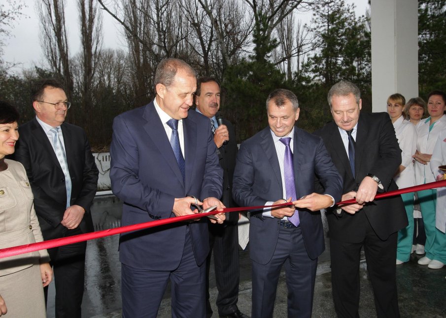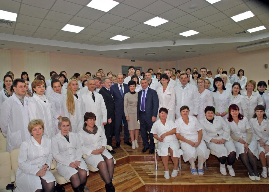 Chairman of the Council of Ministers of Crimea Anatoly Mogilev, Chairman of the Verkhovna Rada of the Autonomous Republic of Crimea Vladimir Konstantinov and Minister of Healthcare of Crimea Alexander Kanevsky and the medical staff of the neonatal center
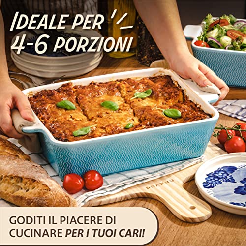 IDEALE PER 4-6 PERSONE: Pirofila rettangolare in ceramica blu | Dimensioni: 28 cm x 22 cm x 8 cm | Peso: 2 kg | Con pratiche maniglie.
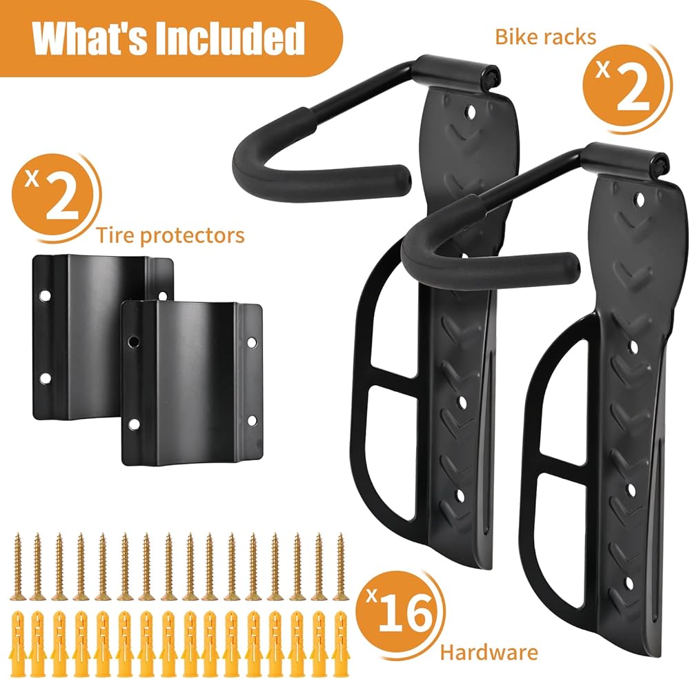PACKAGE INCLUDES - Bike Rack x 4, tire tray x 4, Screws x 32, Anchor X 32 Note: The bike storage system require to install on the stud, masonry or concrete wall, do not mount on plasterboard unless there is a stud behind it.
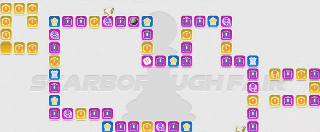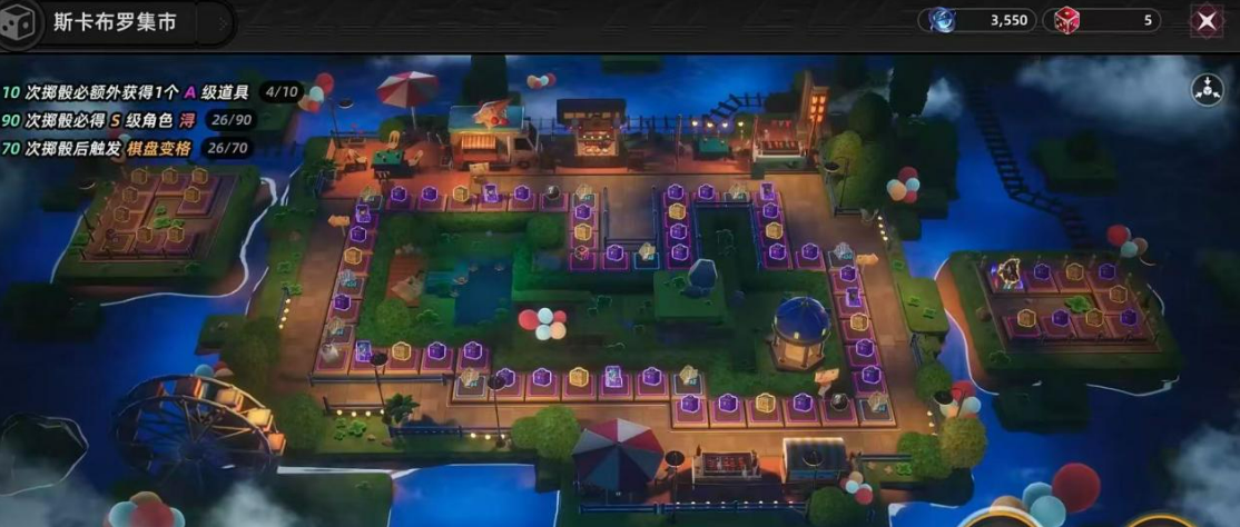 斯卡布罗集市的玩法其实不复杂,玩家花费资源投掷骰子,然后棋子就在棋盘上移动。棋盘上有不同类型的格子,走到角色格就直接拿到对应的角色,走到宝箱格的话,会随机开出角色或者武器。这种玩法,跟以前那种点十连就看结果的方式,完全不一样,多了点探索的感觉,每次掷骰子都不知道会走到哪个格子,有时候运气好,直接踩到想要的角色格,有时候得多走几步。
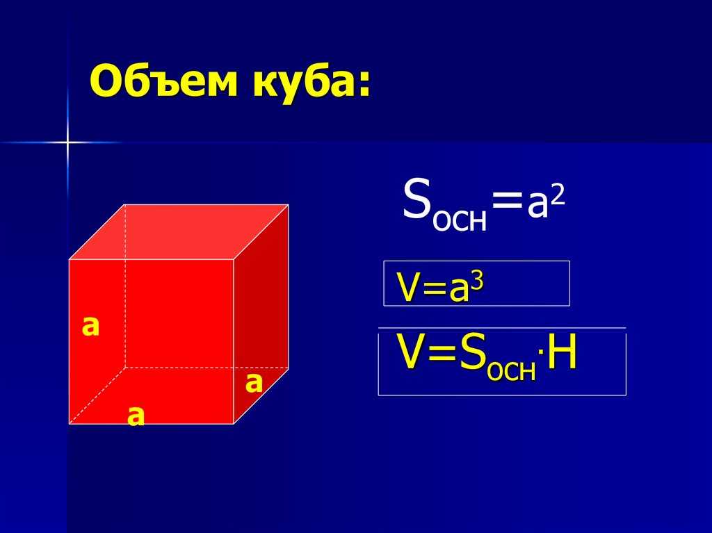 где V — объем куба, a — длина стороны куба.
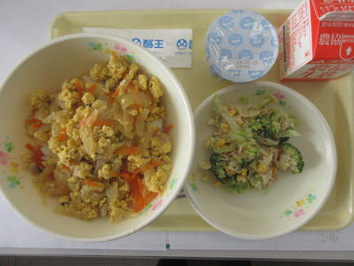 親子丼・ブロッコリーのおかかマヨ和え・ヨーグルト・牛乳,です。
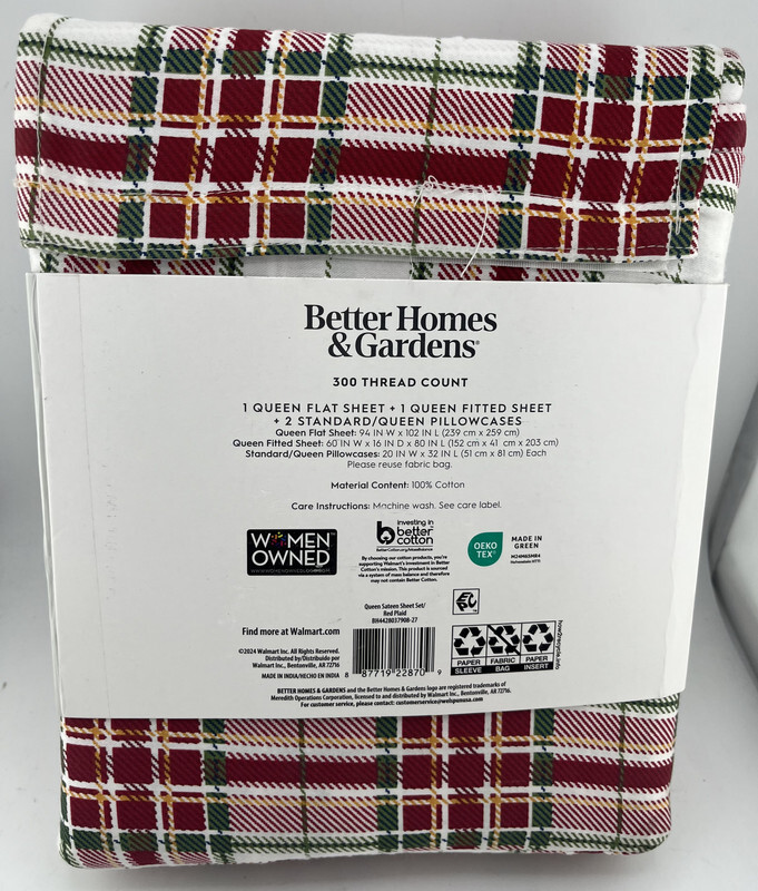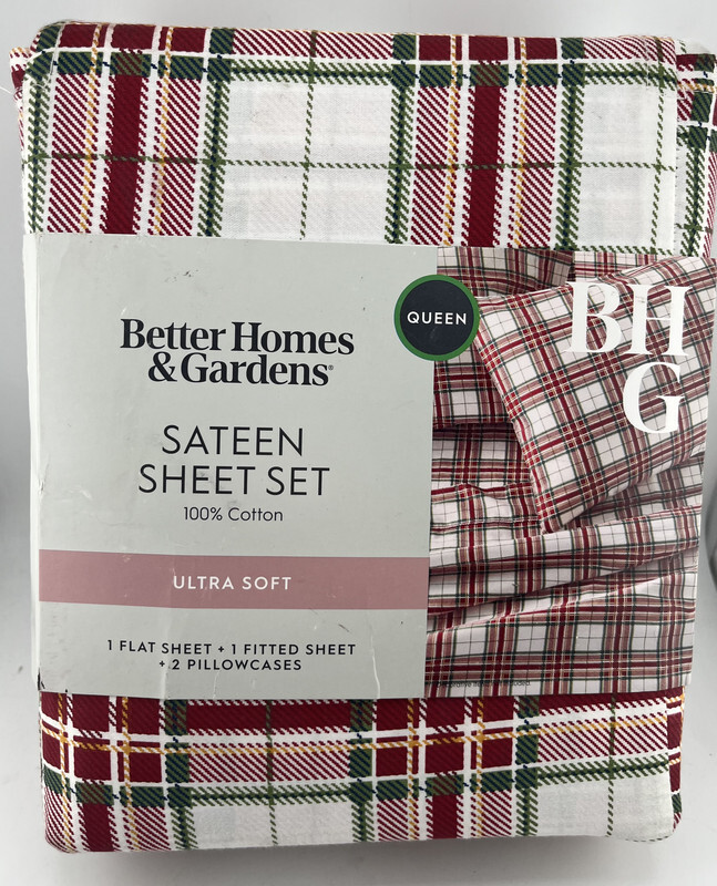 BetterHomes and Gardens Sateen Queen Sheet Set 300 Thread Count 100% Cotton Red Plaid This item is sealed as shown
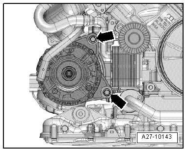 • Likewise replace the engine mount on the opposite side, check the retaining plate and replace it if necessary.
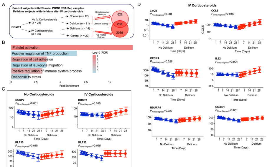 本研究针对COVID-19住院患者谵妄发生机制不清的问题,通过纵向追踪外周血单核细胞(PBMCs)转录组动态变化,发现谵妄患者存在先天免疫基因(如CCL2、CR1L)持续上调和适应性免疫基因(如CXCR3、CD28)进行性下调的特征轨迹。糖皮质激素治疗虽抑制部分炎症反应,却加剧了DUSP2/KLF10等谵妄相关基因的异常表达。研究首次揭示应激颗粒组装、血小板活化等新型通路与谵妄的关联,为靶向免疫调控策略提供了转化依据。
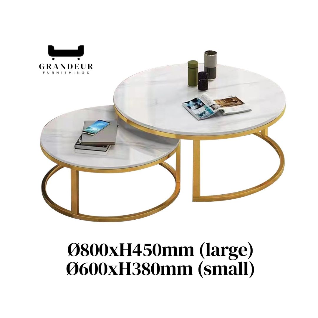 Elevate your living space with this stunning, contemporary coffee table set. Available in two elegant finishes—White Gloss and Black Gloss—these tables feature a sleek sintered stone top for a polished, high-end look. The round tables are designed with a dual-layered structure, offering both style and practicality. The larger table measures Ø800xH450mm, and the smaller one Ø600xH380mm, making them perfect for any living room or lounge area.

# WORK ITEM
Copy the listing above in full and exactly, but omit each picture that it holds.

# YOUR SOLUTION
 Chairman of the Council of Ministers of Crimea Anatoly Mogilev, Chairman of the Verkhovna Rada of the Autonomous Republic of Crimea Vladimir Konstantinov and Minister of Healthcare of Crimea Alexander Kanevsky and the medical staff of the neonatal center
 IDEALE PER 4-6 PERSONE: Pirofila rettangolare in ceramica blu | Dimensioni: 28 cm x 22 cm x 8 cm | Peso: 2 kg | Con pratiche maniglie.
PACKAGE INCLUDES - Bike Rack x 4, tire tray x 4, Screws x 32, Anchor X 32 Note: The bike storage system require to install on the stud, masonry or concrete wall, do not mount on plasterboard unless there is a stud behind it.
 斯卡布罗集市的玩法其实不复杂,玩家花费资源投掷骰子,然后棋子就在棋盘上移动。棋盘上有不同类型的格子,走到角色格就直接拿到对应的角色,走到宝箱格的话,会随机开出角色或者武器。这种玩法,跟以前那种点十连就看结果的方式,完全不一样,多了点探索的感觉,每次掷骰子都不知道会走到哪个格子,有时候运气好,直接踩到想要的角色格,有时候得多走几步。
 где V — объем куба, a — длина стороны куба.
 親子丼・ブロッコリーのおかかマヨ和え・ヨーグルト・牛乳,です。
 BetterHomes and Gardens Sateen Queen Sheet Set 300 Thread Count 100% Cotton Red Plaid This item is sealed as shown
 • Likewise replace the engine mount on the opposite side, check the retaining plate and replace it if necessary.
 本研究针对COVID-19住院患者谵妄发生机制不清的问题,通过纵向追踪外周血单核细胞(PBMCs)转录组动态变化,发现谵妄患者存在先天免疫基因(如CCL2、CR1L)持续上调和适应性免疫基因(如CXCR3、CD28)进行性下调的特征轨迹。糖皮质激素治疗虽抑制部分炎症反应,却加剧了DUSP2/KLF10等谵妄相关基因的异常表达。研究首次揭示应激颗粒组装、血小板活化等新型通路与谵妄的关联,为靶向免疫调控策略提供了转化依据。
 Elevate your living space with this stunning, contemporary coffee table set. Available in two elegant finishes—White Gloss and Black Gloss—these tables feature a sleek sintered stone top for a polished, high-end look. The round tables are designed with a dual-layered structure, offering both style and practicality. The larger table measures Ø800xH450mm, and the smaller one Ø600xH380mm, making them perfect for any living room or lounge area.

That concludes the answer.